— WHAT YOU NEED TO DO —
Output the complete listing exactly, please, and keep the pictures out of it.

DATA PROVIDED section start

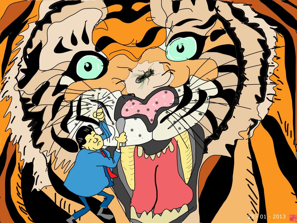 (Sinking Stone @漫画沉石)Last week, Xi Jinping vowed that the Party “must uphold the fighting of tigers and flies at the same time,” that corruption should be investigated among officials both high and low. This tiger, who has the mark of the “king” (王) on his forehead, thinks he can make off with a fortune. Distracted by the fly swatter, he doesn’t see what’s about to hit him. In a corruption crackdown, lower-level officials may find themselves out of work; but the big players, like Bo Xilai, have far more to lose.
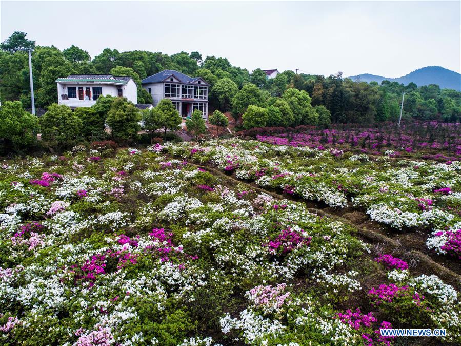 Photo taken on April 26, 2017 shows azalea blossoms in Si'an Township of Changxing County, east China's Zhejiang Province. More than 100 kinds of azalea flowers were planted here and attracted thousands of visitors. (Xinhua/Xu Yu)
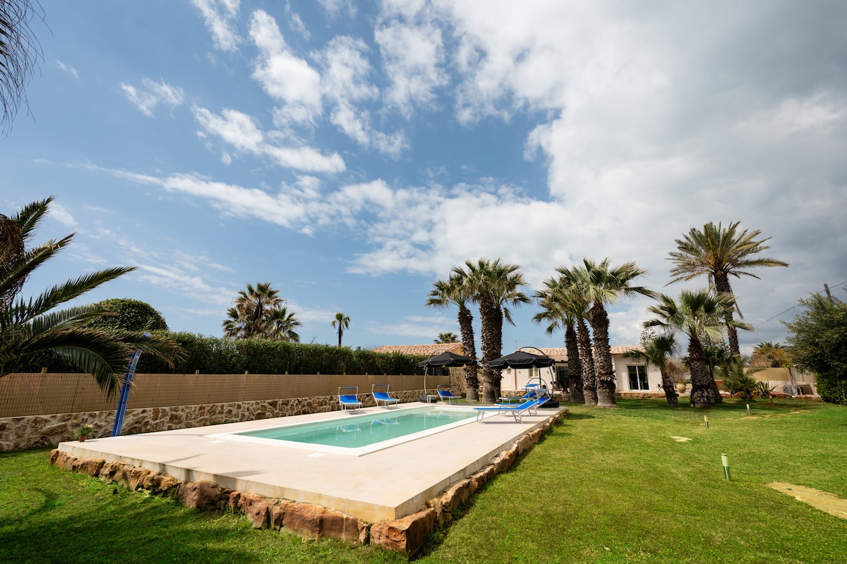 Villa Dafni to nowa luksusowa willa położona w pięknym, panoramicznym miejscu, z widokiem na plażę Plaja Grande, która znajduje się w odległości zaledwie 800 metrów. Widok rozciąga się na morze, między pagórkowatym krajobrazem Ibleo a słynną latarnią morską Montalbano. Restauracje, bary i sklepy znajdują się w odległości 5 minut jazdy samochodem. Apartament wewnątrz willi z dużym ogrodem jest dostępny dla gości do wyłącznego użytku, dostęp do podgrzewanego basenu i prywatnego parkingu na terenie nieruchomości.

DATA PROVIDED section end

— ANSWER —
 (Sinking Stone @漫画沉石)Last week, Xi Jinping vowed that the Party “must uphold the fighting of tigers and flies at the same time,” that corruption should be investigated among officials both high and low. This tiger, who has the mark of the “king” (王) on his forehead, thinks he can make off with a fortune. Distracted by the fly swatter, he doesn’t see what’s about to hit him. In a corruption crackdown, lower-level officials may find themselves out of work; but the big players, like Bo Xilai, have far more to lose.
 Photo taken on April 26, 2017 shows azalea blossoms in Si'an Township of Changxing County, east China's Zhejiang Province. More than 100 kinds of azalea flowers were planted here and attracted thousands of visitors. (Xinhua/Xu Yu)
 Villa Dafni to nowa luksusowa willa położona w pięknym, panoramicznym miejscu, z widokiem na plażę Plaja Grande, która znajduje się w odległości zaledwie 800 metrów. Widok rozciąga się na morze, między pagórkowatym krajobrazem Ibleo a słynną latarnią morską Montalbano. Restauracje, bary i sklepy znajdują się w odległości 5 minut jazdy samochodem. Apartament wewnątrz willi z dużym ogrodem jest dostępny dla gości do wyłącznego użytku, dostęp do podgrzewanego basenu i prywatnego parkingu na terenie nieruchomości.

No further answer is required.